Clinical and Sonographic Differences Between RET Fusion-positive and BRAFV600E in Papillary Thyroid Carcinoma.

PURPOSE

This study aimed to describe the ultrasound characteristics of papillary thyroid carcinoma (PTC) harboring RET gene fusion and explore its clinical significance.

METHODS

A retrospective study was conducted on 209 patients with PTC diagnosed between August 2021 and January 2024. All patients underwent ultrasound examination and were confirmed to be positive for RET fusion or BRAFV600E by pathological results.
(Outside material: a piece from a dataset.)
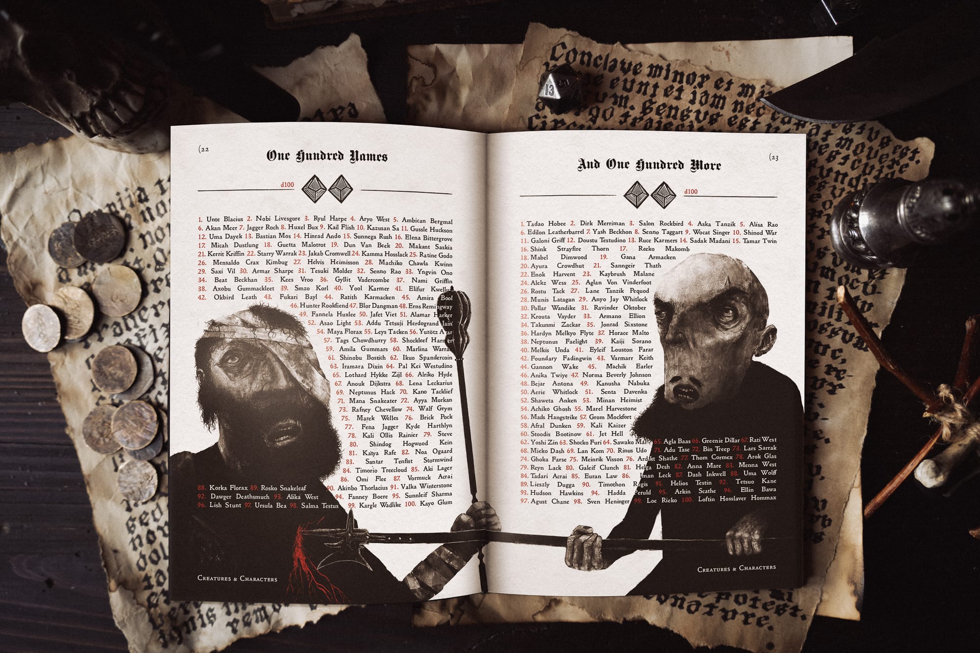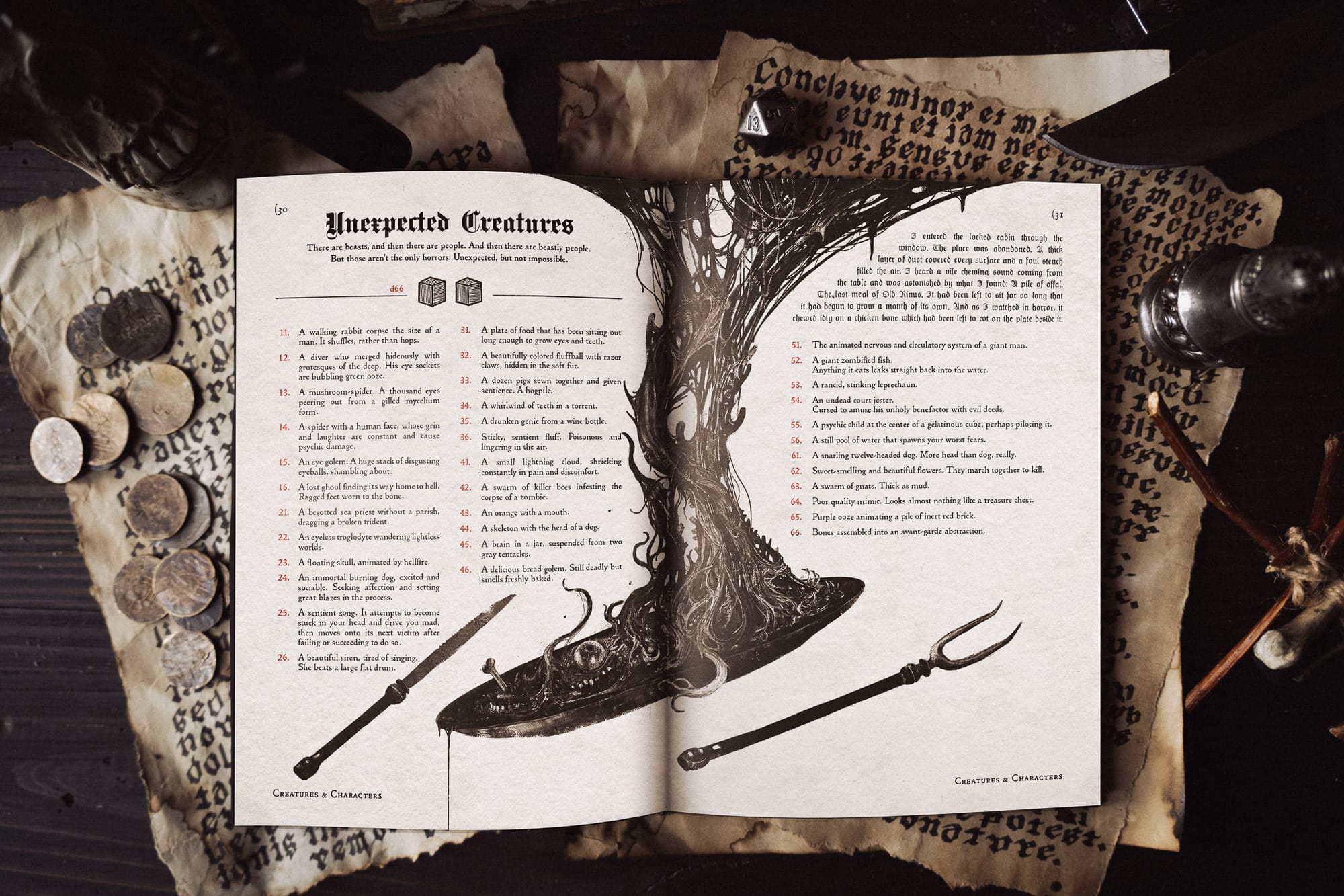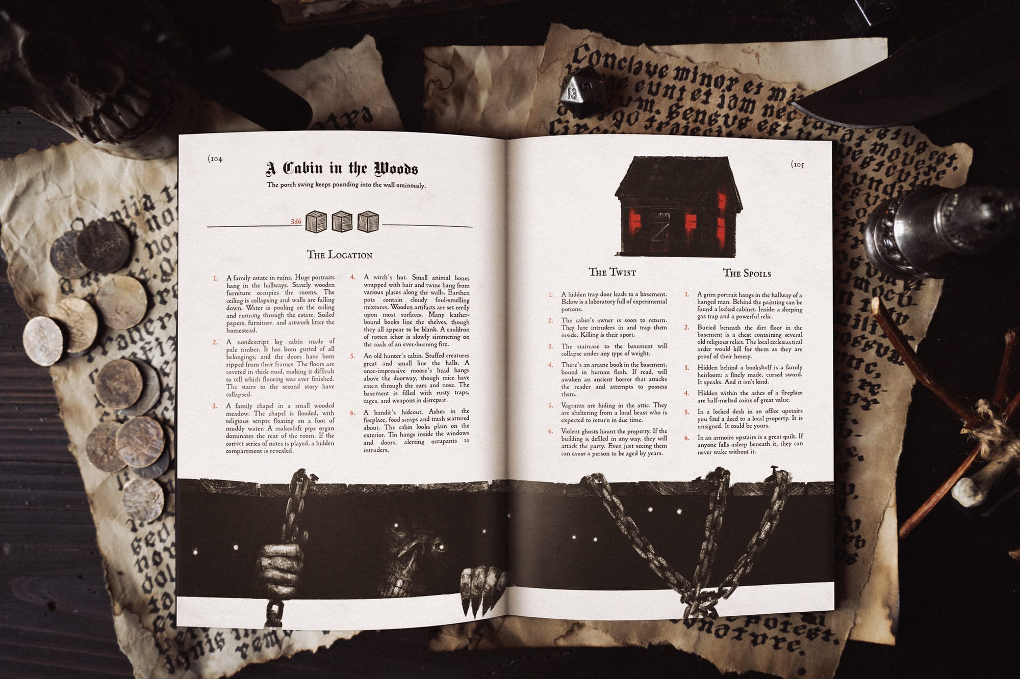 “We made the book that I want to have with me at the gaming table,” designer and co-author Christopher Drellow says, “there are literally thousands of ideas in here, and it’s organized so that I can easily add a new monster, treasure, trap, potion or character to my games immediately–fresh ideas and random chance to keep the session interesting.”

The differences in clinical characteristics and ultrasonography features between the 2 groups were analyzed.

RESULTS

Among all PTCs (n = 209), we detected 30 RET fusions and 179 BRAFV600E. RET-fusion PTCs showed younger age [38.5 (16.0-69.0) vs 42.9 (20.0-74.0) years, P < .05], larger tumor size [1.09 (0.5-4.0) vs 0.77 (0.1-4.0) cm, P < .005], and more advanced N stage (P < .001) than BRAFV600E PTCs. RET-fusion PTCs were mainly classical and diffuse sclerosing subtypes. In terms of ultrasound performance, RET-fusion PTCs were mainly manifested as heterogeneous echogenicity (43.3%), ill-defined tumor margin (90.0%), irregular shape (83.3%), and intranodular microcalcification (83.3%), characterized by scattered microcalcification around the tumor/within thyroid gland (40.0%). In comparison, BRAFV600E PTCs were mainly characterized by hypoechogenicity (95.5%), round/oval shape (80.4%), and intranodular noncalcification (54.2%). Multivariate logistic regression analysis revealed that scattered microcalcification around the tumor/within the normal gland was an independent risk factor for lateral lymph node metastasis (LLNM) in RET-fusion PTCs (odds ratio 9.79, 95% confidence interval 1.31-72.93, P = .026).

CONCLUSION

Patients diagnosed with PTC harboring RET fusion presented with distinctive clinical characteristics and sonographic patterns, underscoring the unique diagnostic value of ultrasound examination. It can provide a preoperative noninvasive primary screening method for RET-fusion diagnosis, thus facilitating targeted patients with purposeful molecular sequencing to improve treatment outcomes.